La rencontre des victimes et des héros mobilise également en elle un sens impérieux du devoir humanitaire. Elle est profondément marquée par ses contacts avec Vassili Nesterenko. Le physicien biélorusse, décédé en 2008, prend des risques énormes dans les premiers jours de la catastrophe pour en limiter l’ampleur, avant de consacrer le reste de sa vie à aider les populations touchées, en particulier les enfants dont la thyroïde a été détruite par la radioactivité. Galia Ackerman est cofondatrice de l’association Enfants de Tchernobyl Bélarus.

La rupture avec Alexievitch

Sur la trajectoire tchernobylienne de Galia Ackerman, un incident suscite l’incompréhension de Jean-Pierre Dupuy. Le philosophe épistémologue, qui creuse depuis longtemps les paradigmes de la pensée face aux catastrophes, a accompagné l’essayiste, il y a dix ans, dans la Zone. « Sa rupture avec Svetlana Alexievitch me laisse perplexe… Car le binôme fondateur de la pensée anthropologique et culturelle de Tchernobyl, en France, s’est dissous vers 2004. Frictions de fortes personnalités ? Bruno Boussagol réfute indirectement l’hypothèse. « Galia est une grande modeste. La rencontre avec le monstre tchernobylien suscite généralement une chute d’ego, on est traversé, le “je” est sommé de se mettre au diapason de l’interrogation qui nous percute. » C’est la traductrice qui rompt, au nom de « divergences intellectuelles » qui éclairent son engagement.

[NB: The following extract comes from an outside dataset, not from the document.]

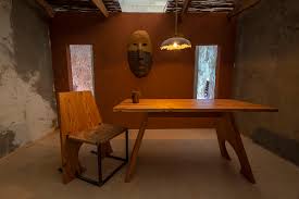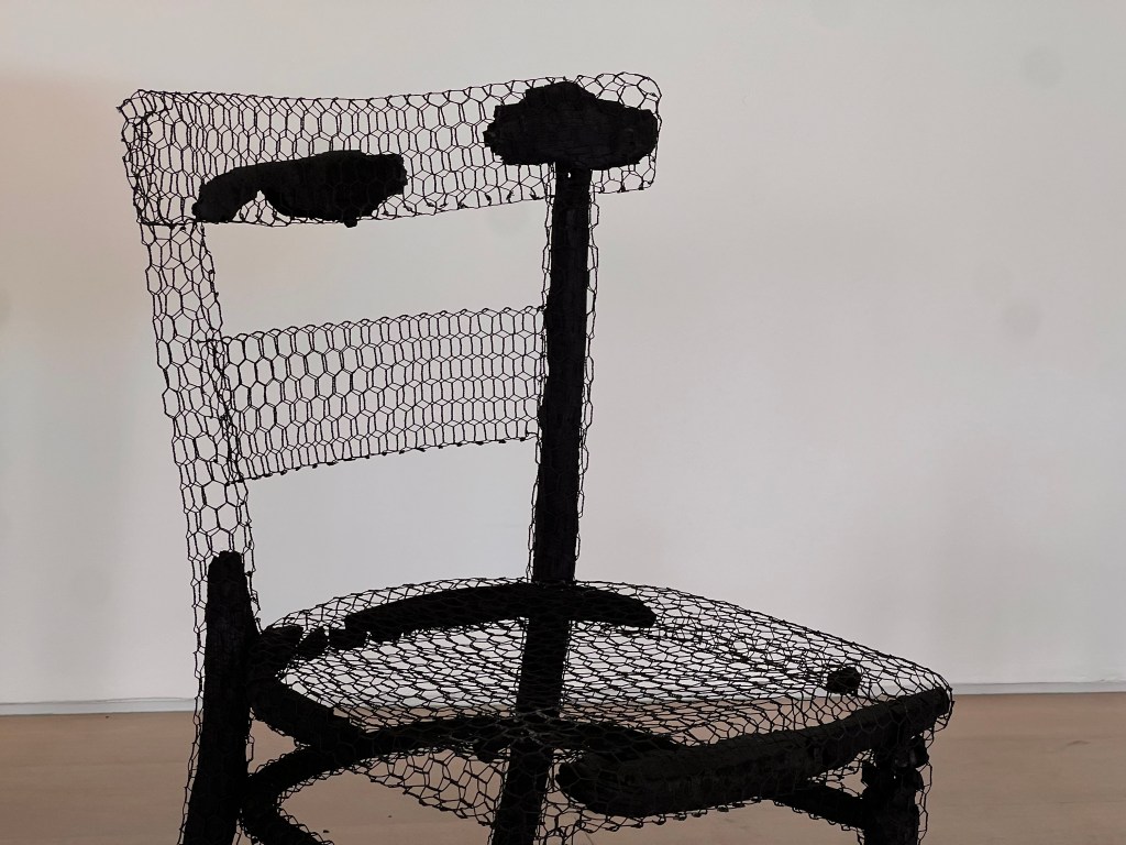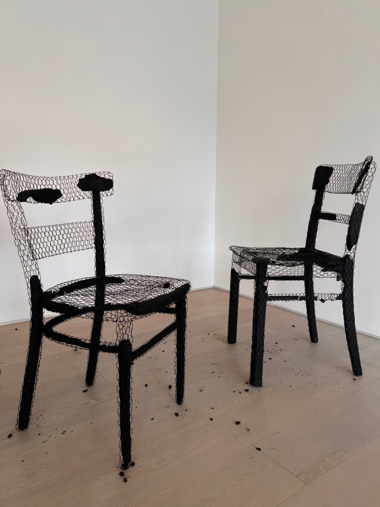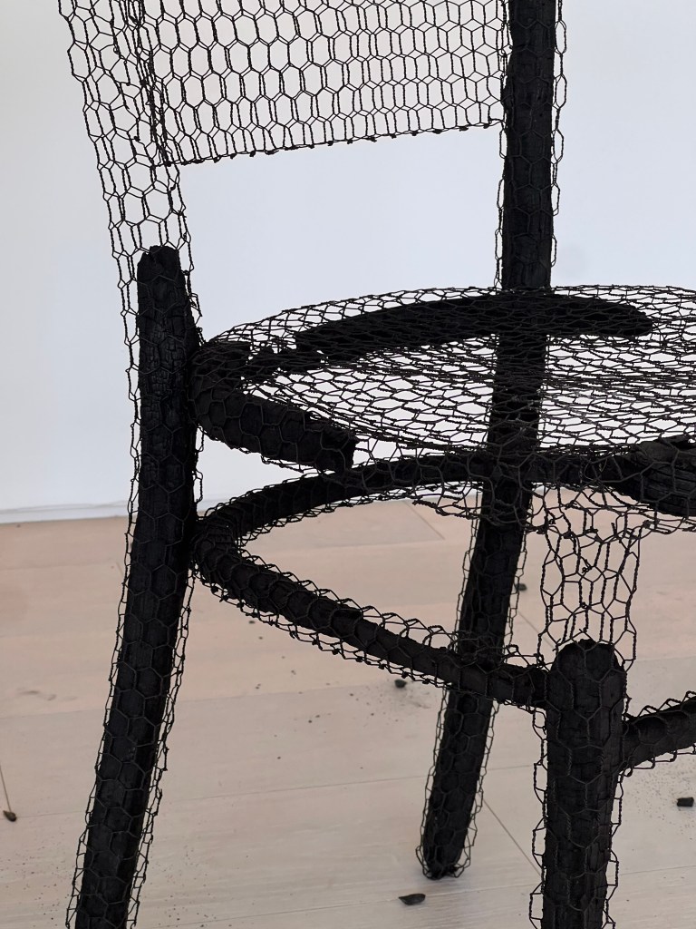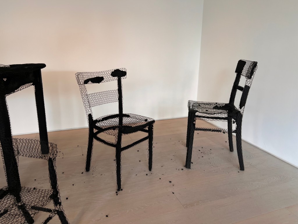 This installation looks like the ruins of a home that has been suddenly destroyed. The wooden furniture is burned and fragile, barely held together with wire mesh, as if it could fall apart at any moment. The scene feels like walking into the remains of a bombing – tables, chairs, and toys left behind in pieces.

Un reproche « déontologique », tout d’abord. Celle qui se définit comme une « praticienne » de Tchernobyl a peu à peu décelé chez l’auteure de La Supplication non pas une tromperie « mais une ambiguïté, un brouillage » : ces témoignages chocs, elle dit détenir la preuve qu’ils ont été accommodés et souvent pimentés. « Les événements n’ont pas d’importance pour elle, seuls les sentiments valent, comme elle me l’a confié. » Là où Virginie Symaniec salue de la littérature, Galia Ackerman voit l’intrusion d’un « je » qui s’approprie la voix de témoins « pour y mettre ses idées ».

Et, aux confins de l’intime, son reproche « historique » : Svetlana Alexievitch aurait enfermé son œuvre dans le périmètre du portrait collectif de l’homo sovieticus, escamotant la question juive, dont le régime de l’URSS avait fait un tabou. La guerre n’a pas un visage de femme, qu’elle traduit en 2004, est le déclencheur : parmi les témoignages de victimes féminines de la Deuxième Guerre mondiale, « pas un mot sur leur judéité dans cette trame, pourtant très prégnante dans certaines villes comme Minsk, où Svetlana a beaucoup puisé. Elle ne pouvait ignorer ces faits ». Pas de soupçon d’antisémitisme. Mais cette subjectivité d’auteure revendiquée n’a pas trouvé grâce auprès de l’ancienne comparse, qui a placé la vérité historique au pinacle de sa quête mémorielle de Tchernobyl.